Segment Start: RECORDS TO USE
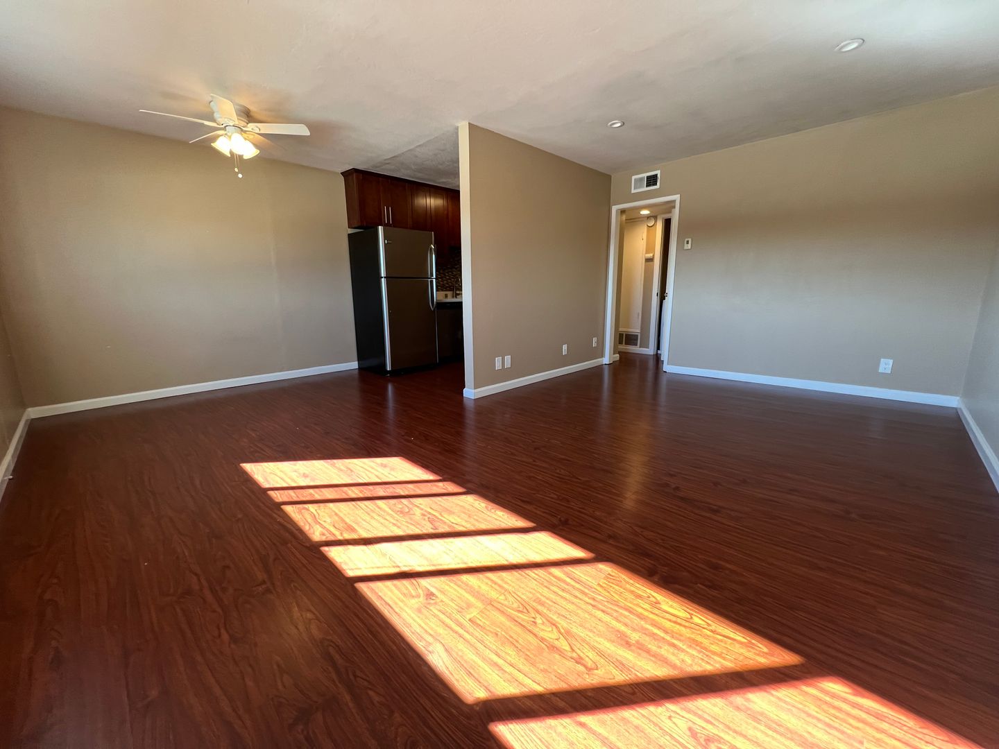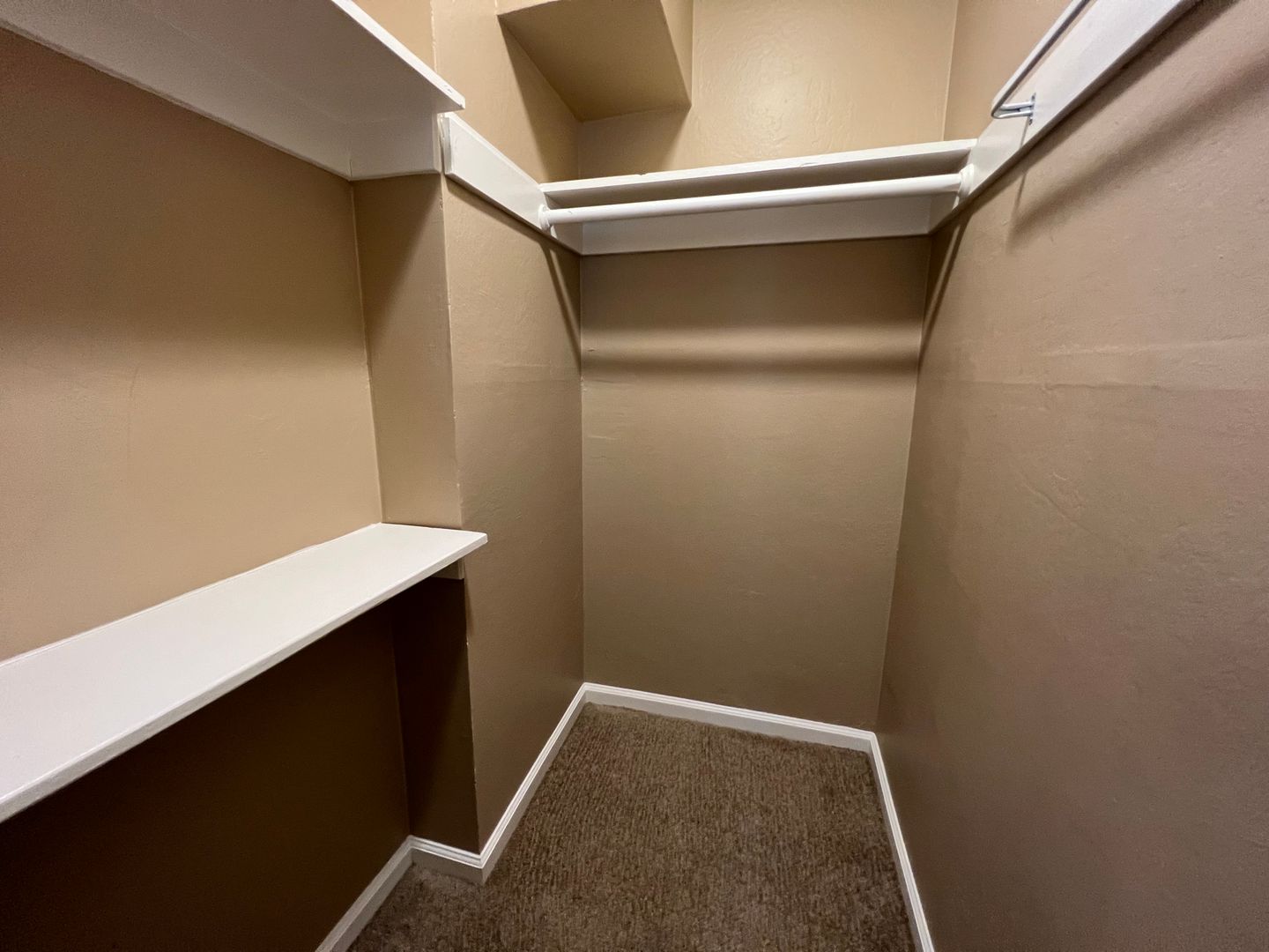 - Wood-like LVT flooring in common areas. Carpet in the bedroom.
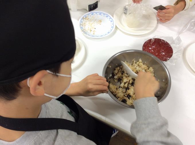 一方、ひまわり学級ではおにぎりを作りました。
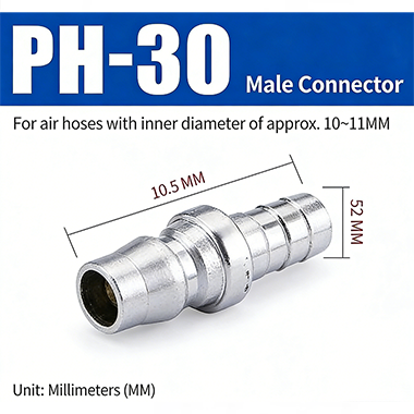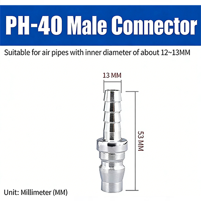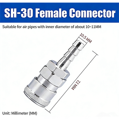 Khớp nối nhanh loại C dòng PH–SH với ren JIS PT có cấu trúc phích cắm nhanh loại C. Đầu nam và đầu nữ có thể ghép theo ý muốn, khi cắm điện có thể kết nối, rất tiện lợi. Khớp được xử lý mạ điện bề mặt, với lõi đồng bên trong, không chỉ chống ăn mòn mà còn chống mài mòn, giúp cải thiện độ bền của khớp và kéo dài tuổi thọ sử dụng.
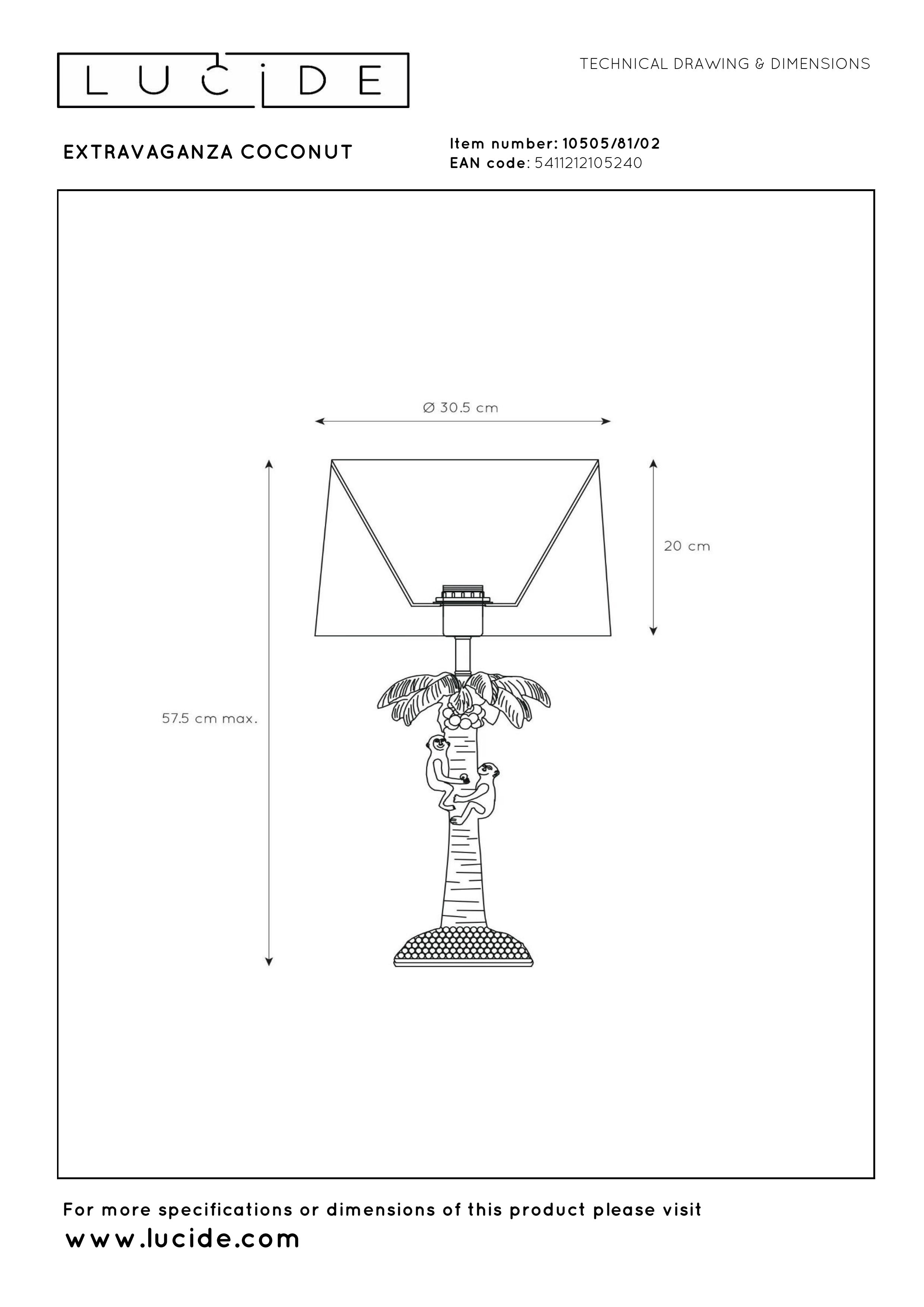 ¿Buscas una lámpara de mesa que sea funcional, pero que tenga un punto decorativo divertido y extravagante a la vez? Extravaganza Coconut te va a encantar. Bajo su pantalla de algodón de estilo clásico tiene lugar una escena de lo más exótica. Dos chimpancés aparecen subidos a una palmera. Uno recoge ansiosamente cocos mientras que el otro, más pequeño, observa con aprobación. La copa del árbol refulge con la luz que desciende de la lámpara. La base de la lámpara está fabricada en material sintético, mide medio metro de altura y es compatible con una bombilla led. Puedes encender y apagar la luminaria fácilmente mediante el interruptor del cable. Disfruta de su espectáculo y deja que sea el nuevo centro de atención de tu interior.
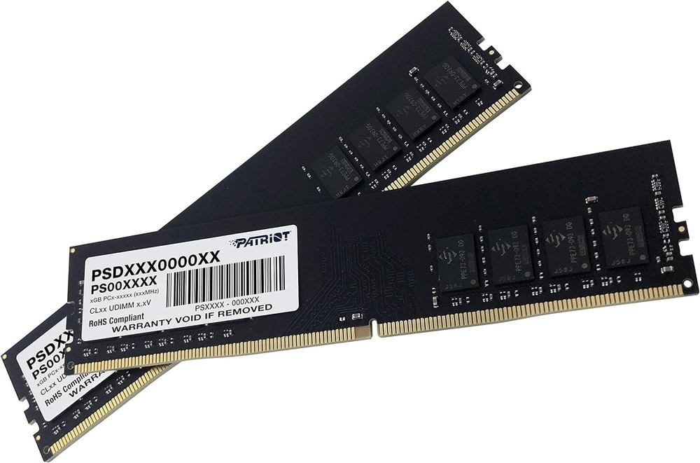 Patriot Memory Signature DDR4 8GB (2x4GB) 2666MHz (PC4-21300) Gold, Black Product Details RAM: 8 GB DDR4 Memory Speed: 2666 MHz Digital Storage Capacity: 8 GB Connectivity Technology: SATA Brand: Patriot Memory Special Feature: Lightweight Compatible Devices: Desktop Installation Type: Internal Hard Drive Color: Gold, Black Specific Uses For Product: Personal Included Components: 2 x RS-X SATA 300GB Hard Drive Cache Size: 8 8GB (2x4GB) 288-Pin unbuffered dual in-line memory module (DIMM) kit Frequency: 2666MHz (PC4-21300), Timings: 19-19-19-43, Voltage: 1.2V 100% Tested RoHS Compliant Patriot Signature Line - DDR4 - 8 GB: 2 x 4 GB - DIMM 288-PIN - ungepuffert
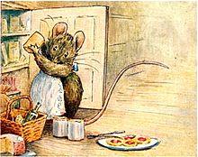 The book opens with a three-stanza rhyme about Appley Dapply, a mouse who raids cupboards for treats, and is accompanied with three illustrations, one which depicts a little mouse running away from a cupboard with a tray of pies:
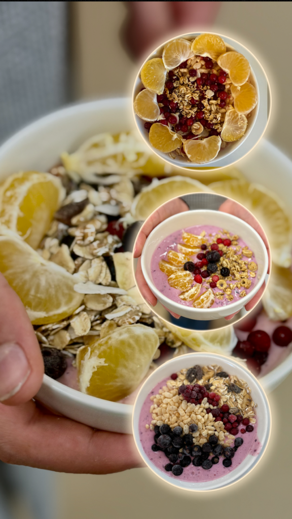 Teoriassa eli oppilaiden nauttiessa valmistamiaan smoothiekulhoja palautettiin mieleen jo seiskalla käsitelty ateriarytmin merkitys energiatasolle sekä aamu- ja välipalojen tärkeys.
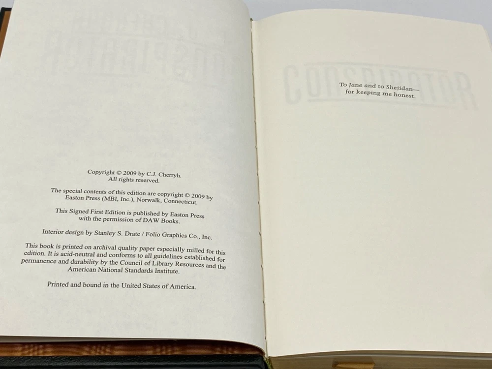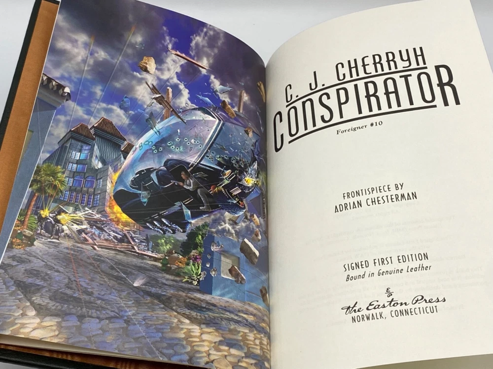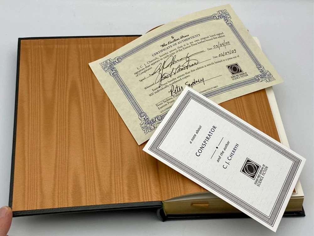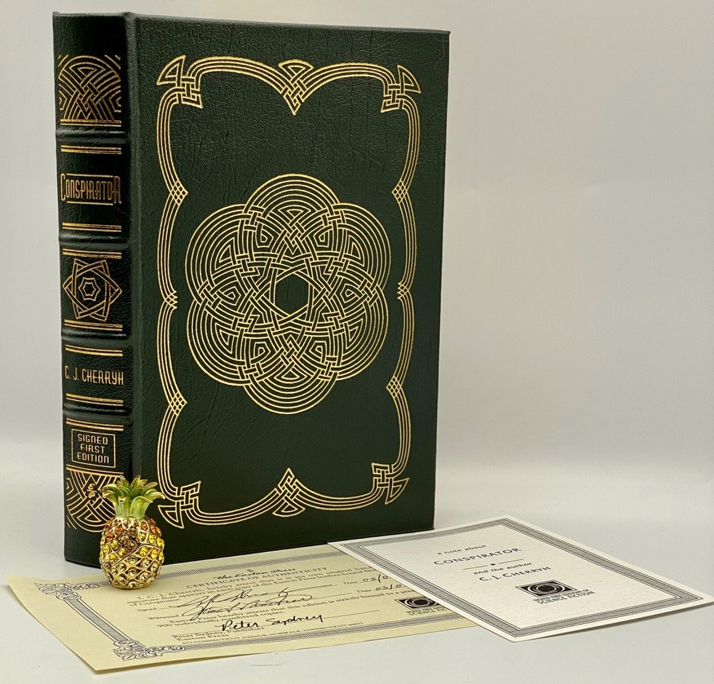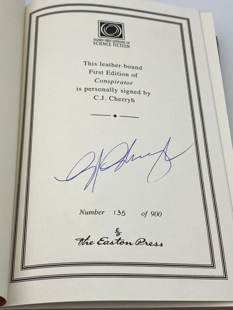 MAKES THE PERFECT GIFT FOR ANY FAN OF SCIENCE FICTION / FANTASY / C.J. CHERRYH ** PLEASE READ : Mahalo for taking the time to look at our listing. We truly appreciate it. We always do our BEST to give you the most accurate description of these beautiful books. If, however, you have any SPECIFIC questions about the SIZE of the book, NUMBER of pages, TYPE of leather, SMELL or FEEL of the book, PLEASE email us through EBay’s mail system BEFORE you bid, and we will be HAPPY to give you more information. We want you to be completely happy with your purchase and keep you as our customers for years to come!** DESCRIPTION: Easton Press’s full leather, long OUT OF PRINT, SIGNED FIRST EDITION of CONSPIRATOR by C.J. CHERRYH (#135/900). THIS IS A VINTAGE HEIRLOOM EASTON WITH LAVISH GILT IMPRESSIONS TO THE BOARDS AND SPINE with A BEAUTIFUL FRONTISPIECE. IT IS ONE OF THE MOST HIGHLY-PRIZED EDITIONS OF THIS CLASSIC SCIENCE FICTION NOVEL. CERTIFICATE OF AUTHENTICITY AND NOTECARD ARE INCLUDED . 🍍 NOT INCLUDED… 😃 ABOUT THE BOOK: First in a brand-new "Foreigner" trilogy from Hugo Award winning author C. J. Cherryh. Cajeiri is the young son of the powerful leader of the Western Association-and he has become a target for forces bent on destroying his father's rule. For Cajeiri is the first "ateva" youth to have lived in a human environment. And after hundreds of years of fragile atevi-human coexistence, he may very well be the first of his people to ever truly understand the so similar-yet so dangerously different-aliens who share his home planet and threaten the hidebound customs of his race. Description Description CONDITION: Book is in LIKE NEW condition for its age with only a few negligible rubs to the gilt page ends (SEE PICS FOR FURTHER DETAILS) NO ATTACHED BOOKPLATES, WRITING FROM PREVIOUS OWNER, ETC. It is a BEAUTIFUL EDITION. FREE shipping TO US ADDRESSES ONLY. INTERNATIONAL $ based on location. WE SHIP PRIORITY MAIL & PACK VERY WELL. Please check out our other listings of Easton Press, Franklin Library, Limited Editions Club, Heritage Press, Folio Society, International Collectors Library, and First Edition Library editions. WE DO COMBINE SHIPPING IF YOU PURCHASE MORE THAN ONE COPY. Mahalo for looking at our listings! By bidding/purchasing this item, you are helping a very grateful family who sends you our WARMEST ALOHA & MAHALO!
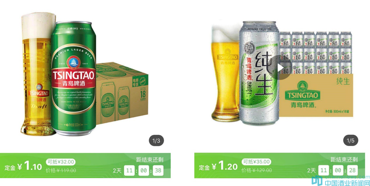 據了解,為給消費者帶來“搶鮮”驚喜,4月23日00:00至4月25日19:00期間,青島啤酒在直播間中設置了“膨脹金”,用戶提前進入直播間并支付小額定金,便可以在直播夜中參與到“經典1903——1.1元抵32元與青島純生——1.2元抵35元”活動,專享這兩款產品的驚喜抵扣價。
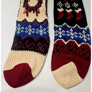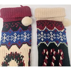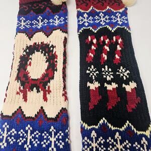 Lot Of 2 Vintage 80's Knit Sweater Christmas Stocking With Pom Pom 22"
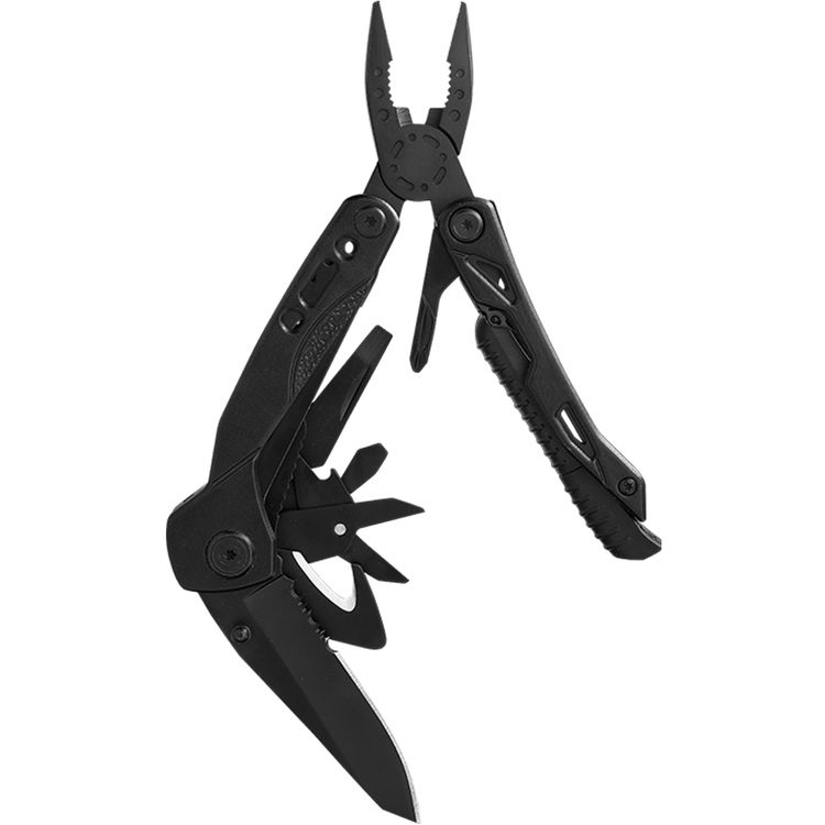 أداة متعددة الوظائف جرين ليون بليير برو مع مواد من الألومنيوم والفولاذ المقاوم للصدأ، طول النصل 2.8 بوصة، كماشة ذات أنف طويل، كماشة قياسية، قاطع سلك، مفك مسطح، صافرة، مبرد أظافر، فتاحة زجاجات، مقص، قاطع حبال، مجموعة، منشار، شفرة سكين، مفك فيليبس، كما تحتوي الأدوات على مُشعل نار - اللون أسود
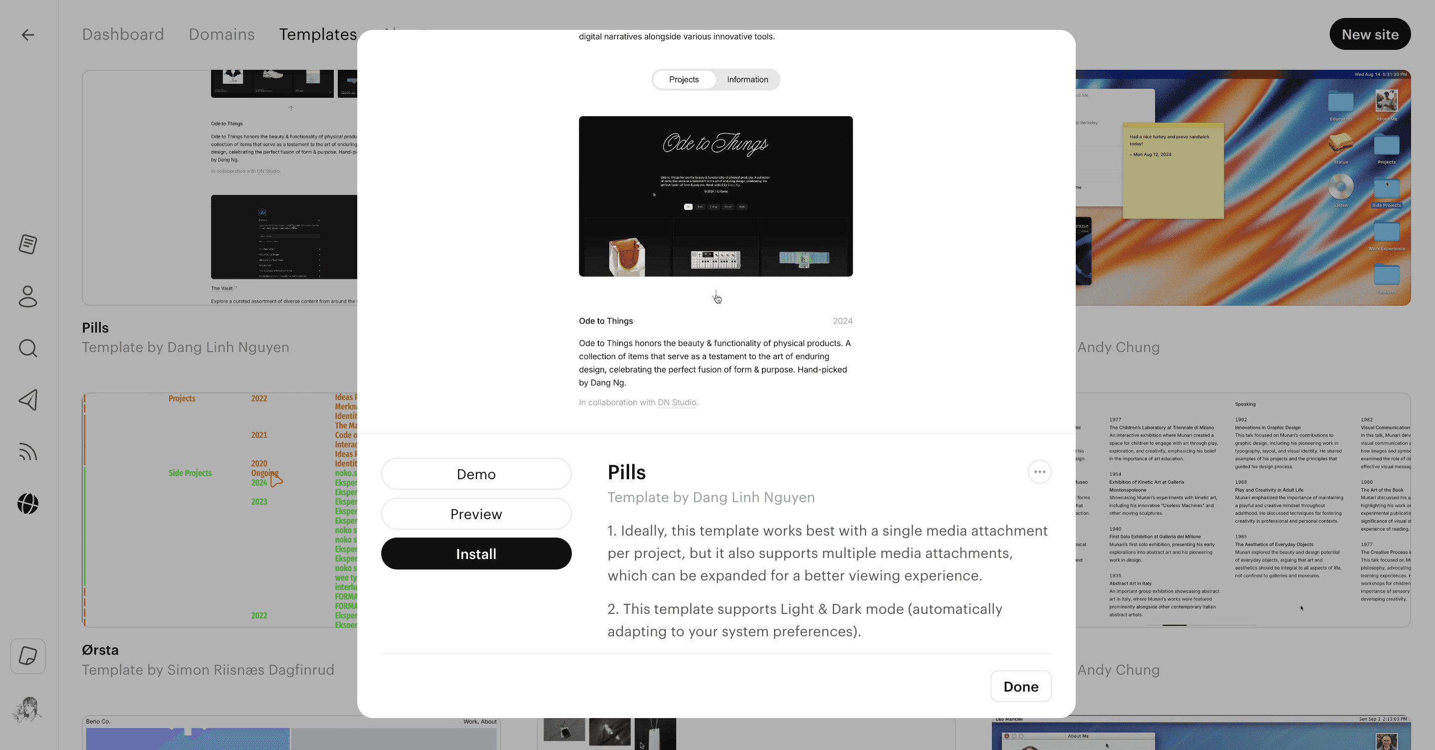 Pills is a minimal, customizable Read.cv template featuring a sleek pill-shaped toggle for effortlessly navigating sections with clarity & simplicity.
Segment End: RECORDS TO USE
**WHAT YOU SHOULD DO:**
Reproduce the data above word for word from its first line through the line that holds "Khớp nối nhanh", both ends included; skip pictures.

**FINISHED EXERCISE:**
 - Wood-like LVT flooring in common areas. Carpet in the bedroom.
 一方、ひまわり学級ではおにぎりを作りました。
 Khớp nối nhanh loại C dòng PH–SH với ren JIS PT có cấu trúc phích cắm nhanh loại C. Đầu nam và đầu nữ có thể ghép theo ý muốn, khi cắm điện có thể kết nối, rất tiện lợi. Khớp được xử lý mạ điện bề mặt, với lõi đồng bên trong, không chỉ chống ăn mòn mà còn chống mài mòn, giúp cải thiện độ bền của khớp và kéo dài tuổi thọ sử dụng.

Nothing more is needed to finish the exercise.